Los peritos armeros han comprobado ayer, que el calibre de la bala que mató al aparcero de Guarnizo, correspondía a las características de la pistola encontrada entre las escasas ropas que cubrían su cuerpo. Y, una investigación posterior, ha permitido confirmar la propiedad del arma, que pertenecía al muerto.

Es decir, todos estos capos sueltos parecen indicar la posibilidad de un suicidio. Y las actuaciones judiciales hubiesen terminado rápidamente, si no mediaran otras extrañas circunstancias que ensombrecen el desarrollo del suceso. Los primeros en penetrar en la habitación ocupada por el muerto, encontraron a éste tapado con la mata hasta el hombre, con la gorra cubriéndole la región temporal derecha y la pistola entre las manos, bajo la manta. Si Edmundo decidió poner fin a su vida ¿quién penetró en la habitación para tapar su cuerpo y cubrir con la boina el orificio originado por la bala?
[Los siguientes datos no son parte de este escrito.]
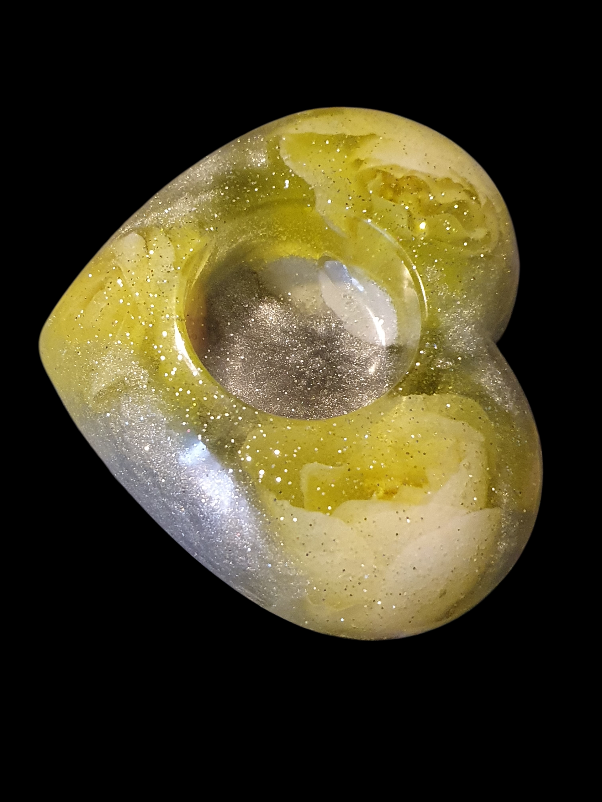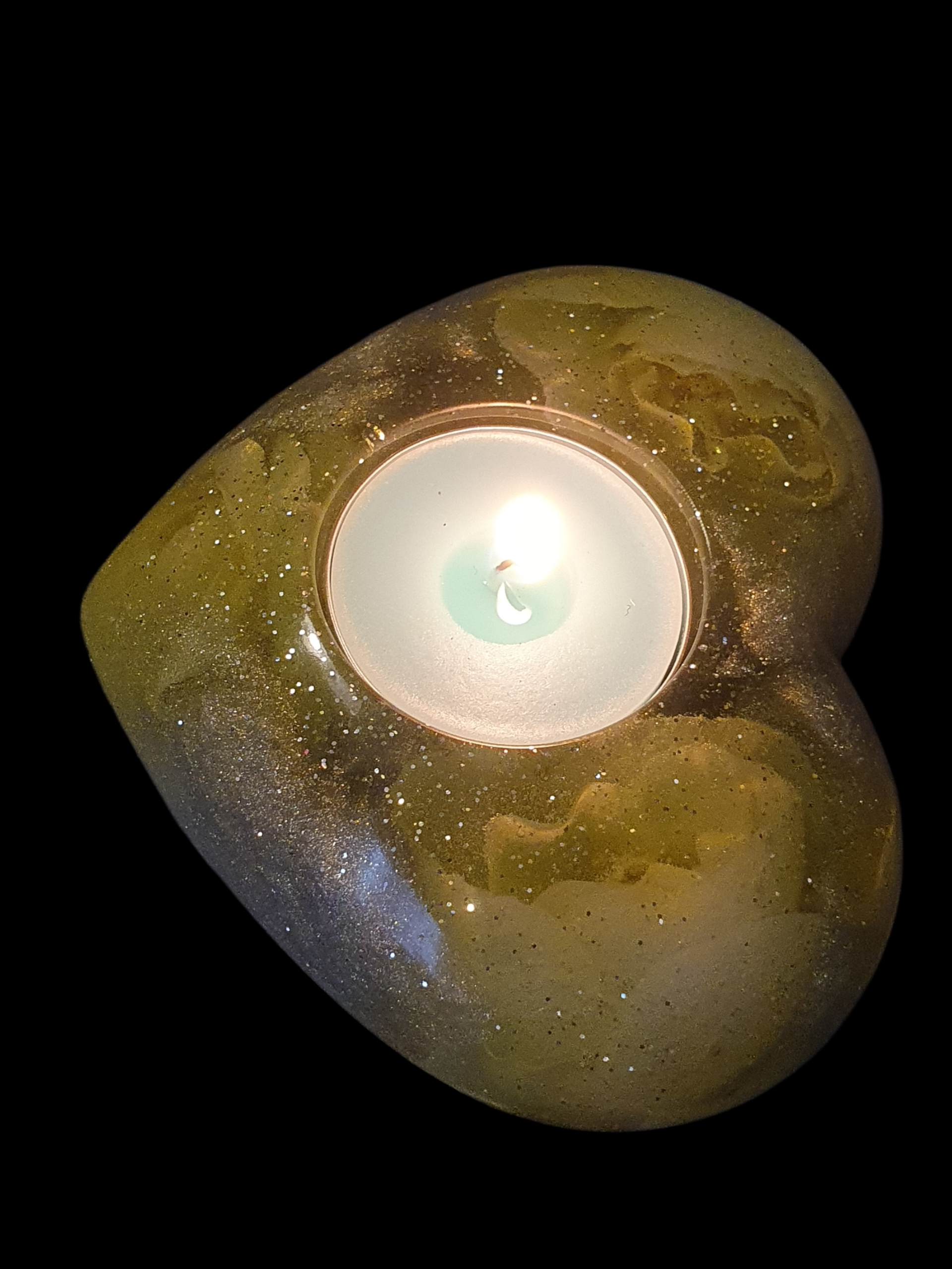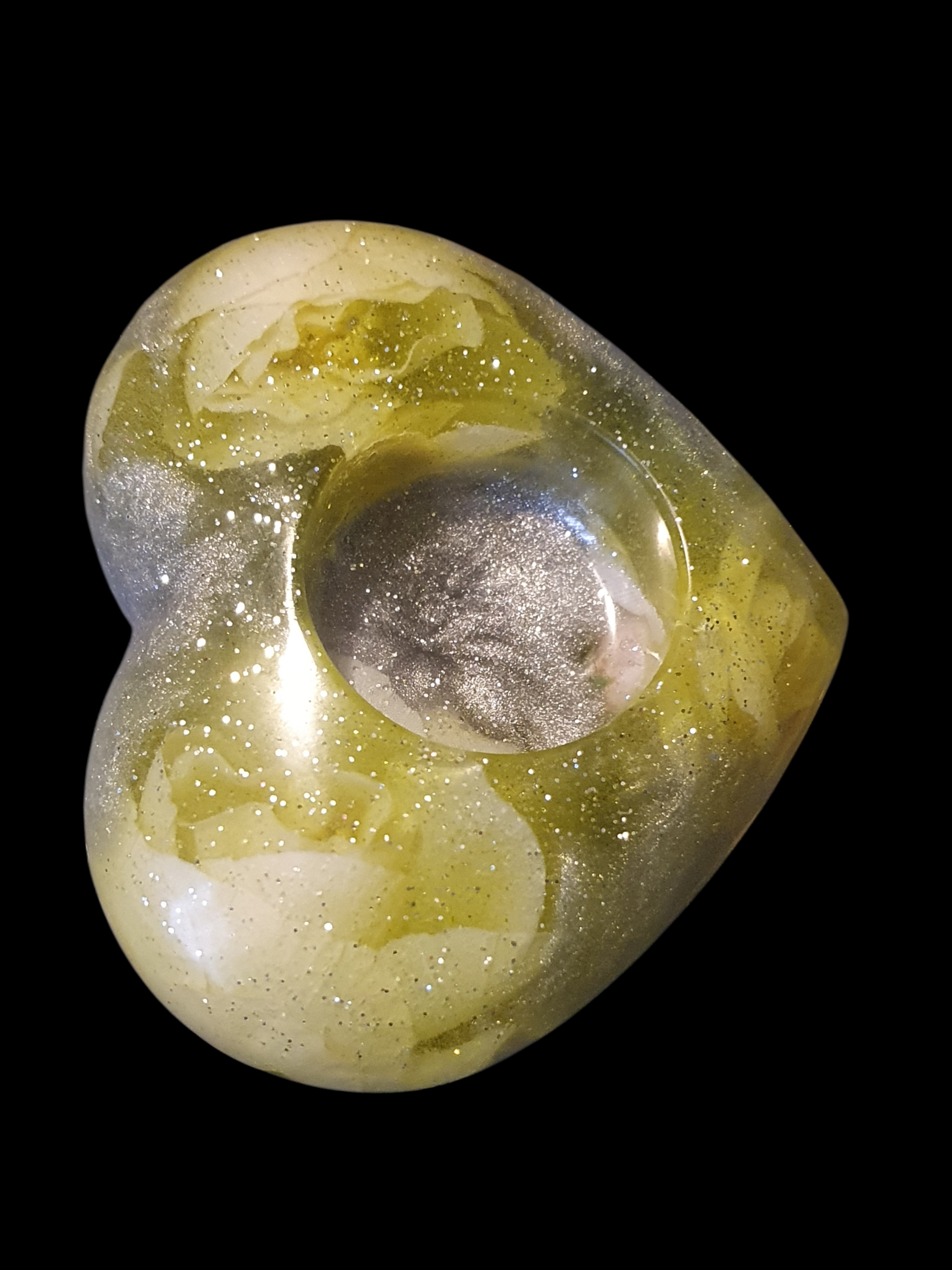 Une matière dorée aux reflets nacrés, comme une graine ancienne préservant la mémoire du vivant.

Los criados de la marquesa de Camporreal, han declarado ante la policía. No oyeron nada, no vieron a nadie, no supieron de la muerte de Edmundo, hasta que su cuerpo fue descubierto por el Juzgado municipal de Astillero, el médico y la Guardia Civil.

El aparcero de Guarnizo, iba de dejar de serlo próximamente. La marquesa había encargado a su representante, en Santander, que manifestara a su arrendatario sus deseos. Pero dándole toda clase de facilidades, pidiendo que fuese él quien propusiese la fórmula económica que cancelase el contrato.

Edmundo Fernández no tenía, aparentemente, motivos para quitarse la vida. Poseía un espíritu jovial, era un hombre sociable y comunicativo y no parece que se dejase abatir demasiado por las circunstancias adversas. Hacía cuatro años, pasó por una crisis económica y moral que superó rápidamente.

No es posible creer que el móvil del crimen -de haber éste existido- hubiera sido el robo. Porque en los cajones de su habitación había dinero y en su armario, unas monedas de oro que han sido halladas por la policía.


De las investigaciones, había otro dato que llamaba la atención, es la ausencia de colillas en la habitación. Edmundo Fernández era un fumador empedernido, que consumía un par de cajetillas al día. Es lógico pensar que, de haberse suicidado, este hombre hubiera incluso horas antes, sufrido una crisis nerviosa muy propicia al uso del tabaco. No había rastro de haberse fumado antes.


Otra pregunta que se hace los investigadores, ¿qué hizo este hombre en Santander? el lunes.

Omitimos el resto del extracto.